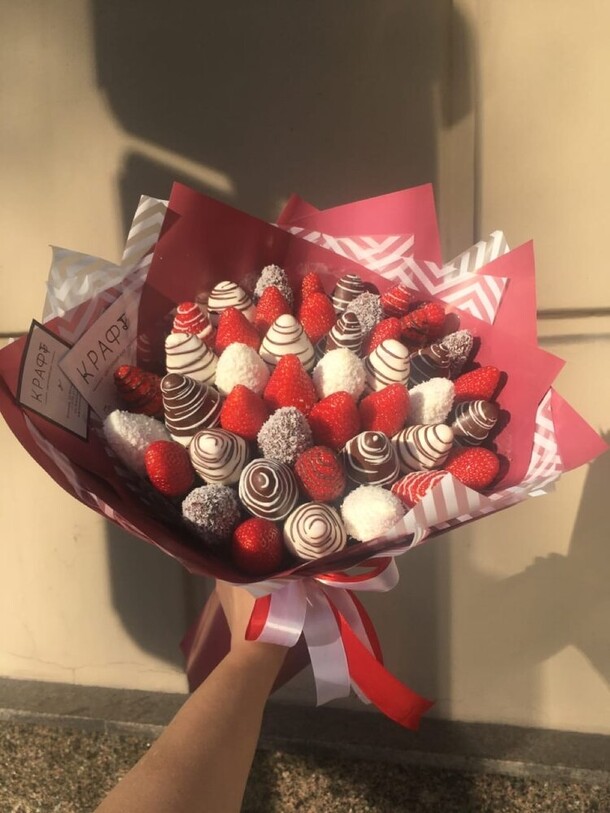 Клубника отличного качества, но зеленоватая, некоторые клубнички прям наполовину зелёные были. Шоколад вкусный. упаковка великолепна. флорист в чате оперативно отвечал.
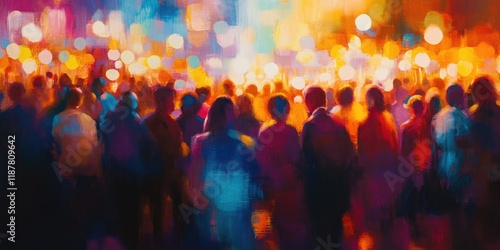 Abstract portrayal of a crowded business meeting featuring blurred individuals and vibrant lights.
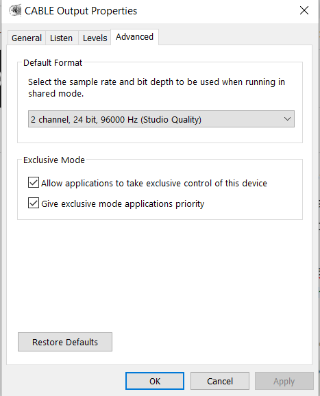 To avoid issues with sound cards in GNU Radio , on my PC, I have set the virtual audio cable as the default sound device.
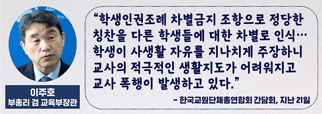 포문은 이주호 부총리 겸 교육부 장관이 열었습니다. 이 부총리는 지난 21일 서울 서초구 한국교원단체총연합회에서 열린 '교권 확립을 위한 현장 간담회'에서 "학생의 인권이 지나치게 강조되고 우선시되면서 교실 현장이 붕괴되고 있다"고 말했습니다. 그러면서 그 사례로 학생인권조례의 차별 금지 조항을 지목했습니다.
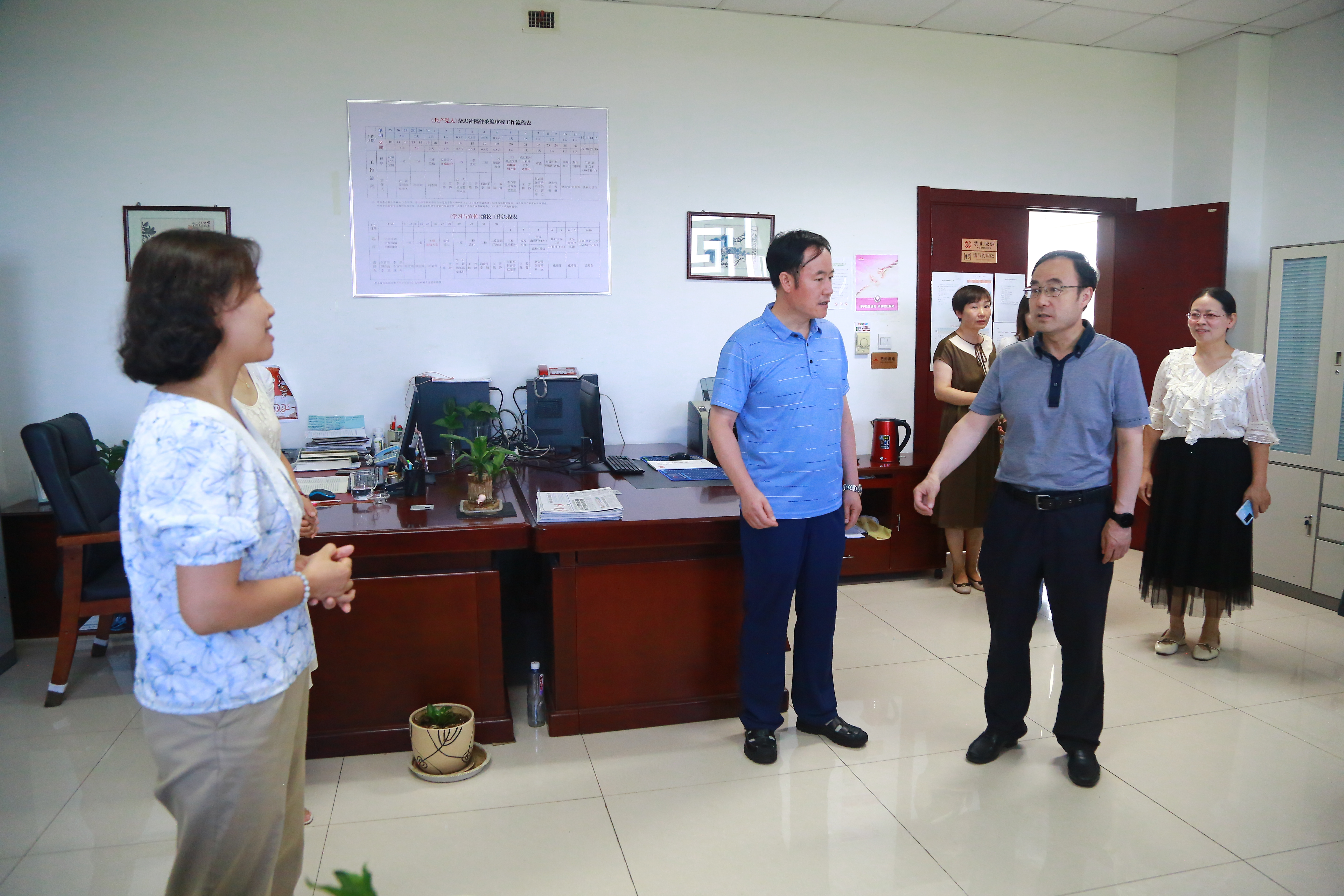 8月16日上午,自治区党委宣传部常务副部长周庆华到共产党人杂志社调研,了解党刊事业发展情况,指导党刊办刊工作。周庆华一行实地走访了刊社总编室、策划部、新媒体部等办公区域,对党刊各部室人员配置及运转情况进行深入了解,与一线编辑、记者亲切交流,并与刊社班子成员座谈交流。
——————
→ Directions for this task
Once the pictures are removed, repeat all of the data above exactly.

→ Solution
 Клубника отличного качества, но зеленоватая, некоторые клубнички прям наполовину зелёные были. Шоколад вкусный. упаковка великолепна. флорист в чате оперативно отвечал.
 Abstract portrayal of a crowded business meeting featuring blurred individuals and vibrant lights.
 To avoid issues with sound cards in GNU Radio , on my PC, I have set the virtual audio cable as the default sound device.
 포문은 이주호 부총리 겸 교육부 장관이 열었습니다. 이 부총리는 지난 21일 서울 서초구 한국교원단체총연합회에서 열린 '교권 확립을 위한 현장 간담회'에서 "학생의 인권이 지나치게 강조되고 우선시되면서 교실 현장이 붕괴되고 있다"고 말했습니다. 그러면서 그 사례로 학생인권조례의 차별 금지 조항을 지목했습니다.
 8月16日上午,自治区党委宣传部常务副部长周庆华到共产党人杂志社调研,了解党刊事业发展情况,指导党刊办刊工作。周庆华一行实地走访了刊社总编室、策划部、新媒体部等办公区域,对党刊各部室人员配置及运转情况进行深入了解,与一线编辑、记者亲切交流,并与刊社班子成员座谈交流。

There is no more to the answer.